3.4 Hypothesis testing
In order to test the significance of a variable or a interaction term in the model we can use two procedures:
the Wald test (typically used with Maximun Likelihood estimates)
the Likelihood Ratio test (LRT) (it uses the log likelihood to compare two nested models)
The null hypothesis of the Wald test states that the coeficient \(\beta_j\) is equal to 0. The test statistics is
\[ Z = \frac{\hat \beta_j - 0}{Std. Err (\hat \beta_j)} \sim N(0,1) \]
summary(m1)$coef
## coef exp(coef) se(coef) z
## LoanOriginalAmount2 -0.1217675 0.8853542 0.06661063 -1.828049
## IsBorrowerHomeownerTrue -0.2481456 0.7802463 0.06231124 -3.982357
## IncomeVerifiableTrue 0.2926323 1.3399500 0.30286111 0.966226
## Pr(>|z|)
## LoanOriginalAmount2 6.754227e-02
## IsBorrowerHomeownerTrue 6.823526e-05
## IncomeVerifiableTrue 3.339311e-01
# by hand... for IncomeVerifiable
z <- summary(m1)$coef[3, 1]/summary(m1)$coef[3, 3]
pvalue <- 2 * pnorm(z, lower.tail = FALSE)
pvalue
## [1] 0.3339311
According to the pvalue of the test, the null hypothesis is accepted (for the IncomeVerifiable
variable).

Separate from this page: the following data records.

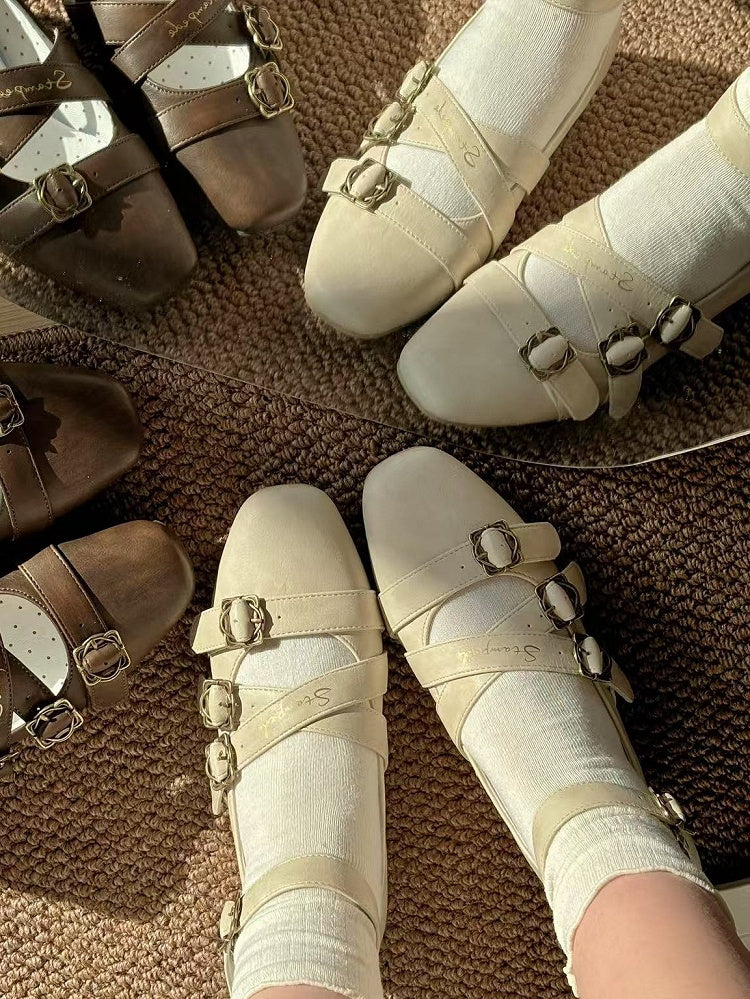 Shoes - Toe Crisscross Elegant Classic Design Square PU Beige Lolita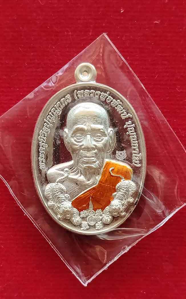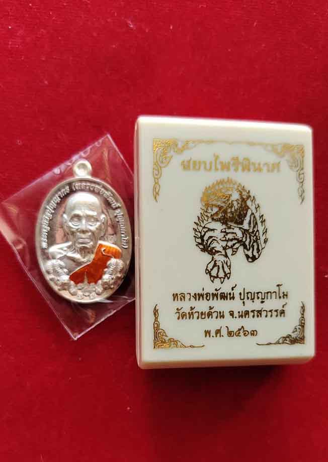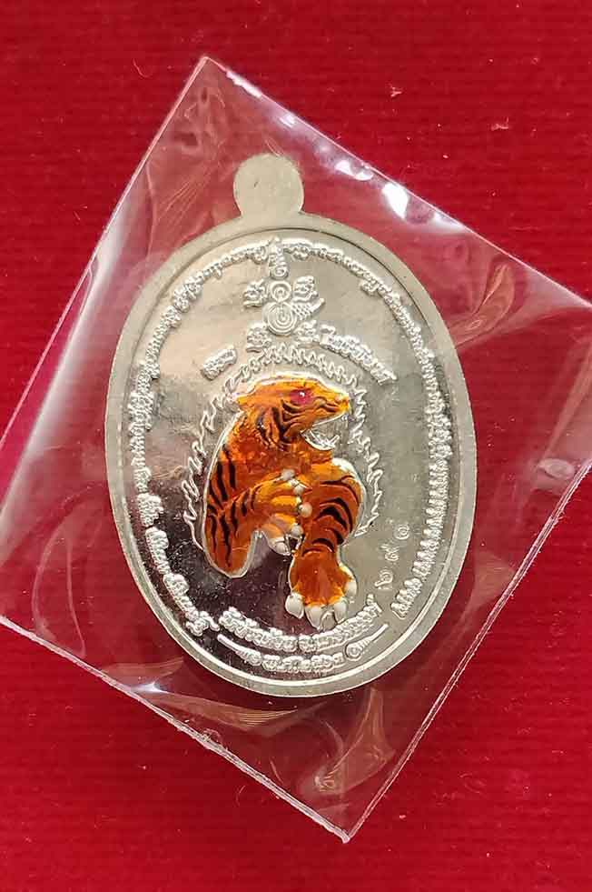 เหรียญสยบไพรีพินาศ หลวงพ่อพัฒน์ วัดห้วยด้วน เนื้อเงิน ลงยาจีวรเหลือง หลังลงยาเสือรูปไข่ no.691 กล่องเดิม |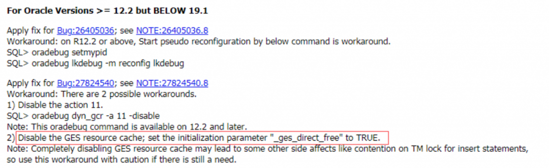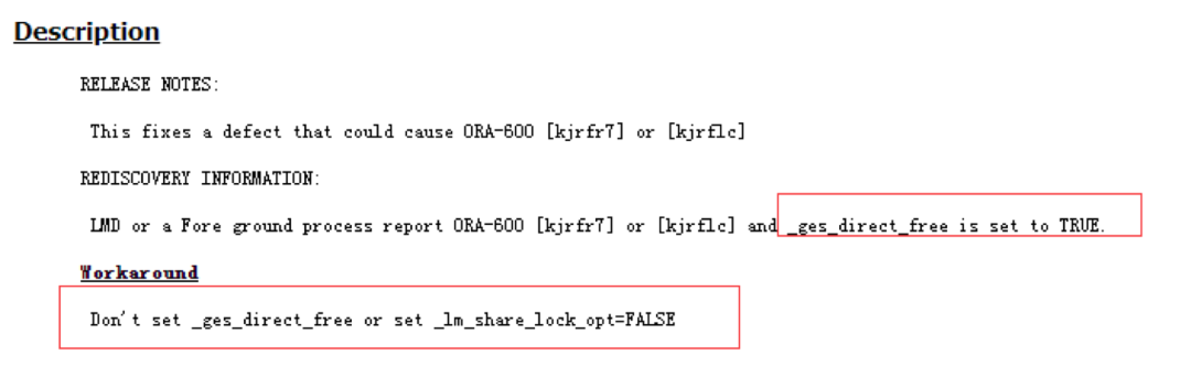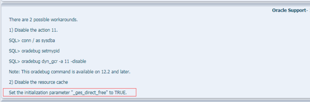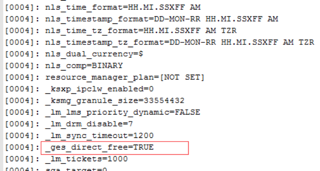 根据BUG特征描述只有在_ges_direct_free设置成true时才可能触发该BUG,后面我们通过查看数据库参数及trace日志证实确是触发该BUG。

Thus, the model must not include this variable.
The other approach is to use the Likelihood Ratio test. In this case, we need to compute the difference between the log likelihood statistic of the reduced model which does not contain the variable that we want to test and the log likelihood statistic of the full model containing the variable. In general, the LRT statistic can be written in the form of
\[ LRT = -2 ln \frac{L_R}{L_F}= 2 ln(L_F) - 2 ln(L_R) \sim \chi^2_p \] where \(L_R\) denotes the log likelihood of the reduced model with \(k\) parameter and \(L_F\) is the log likelihood of the full model with \(k + p\) parameters. \(\chi^2_p\) is a Chi-square with \(p\) degrees of freedom, where \(p\) denotes the number of predictors being assessed.
m_red <- coxph(Surv(time, status) ~ LoanOriginalAmount2 + IsBorrowerHomeowner,
data = loan_filtered)
anova(m_red, m1) #fist the reduced, second the full
## Analysis of Deviance Table
## Cox model: response is Surv(time, status)
## Model 1: ~ LoanOriginalAmount2 + IsBorrowerHomeowner
## Model 2: ~ LoanOriginalAmount2 + IsBorrowerHomeowner + IncomeVerifiable
## loglik Chisq Df P(>|Chi|)
## 1 -10837
## 2 -10836 1.0297 1 0.3102
# by hand... for IncomeVerifiable variable
m1$loglik # the first is the log likelihood of a model that contains
## [1] -10848.75 -10836.52
# none of the predictors, so we need the second one
chi <- 2 * m1$loglik[2] - 2 * m_red$loglik[2]
pvalue <- 1 - pchisq(chi, df = 1) # df = 3 - 2
pvalue
## [1] 0.310227
In this case, using an \(\alpha = 0.05\) and testing the significance of the IncomeVerifiable
variable, we must remove it from the model.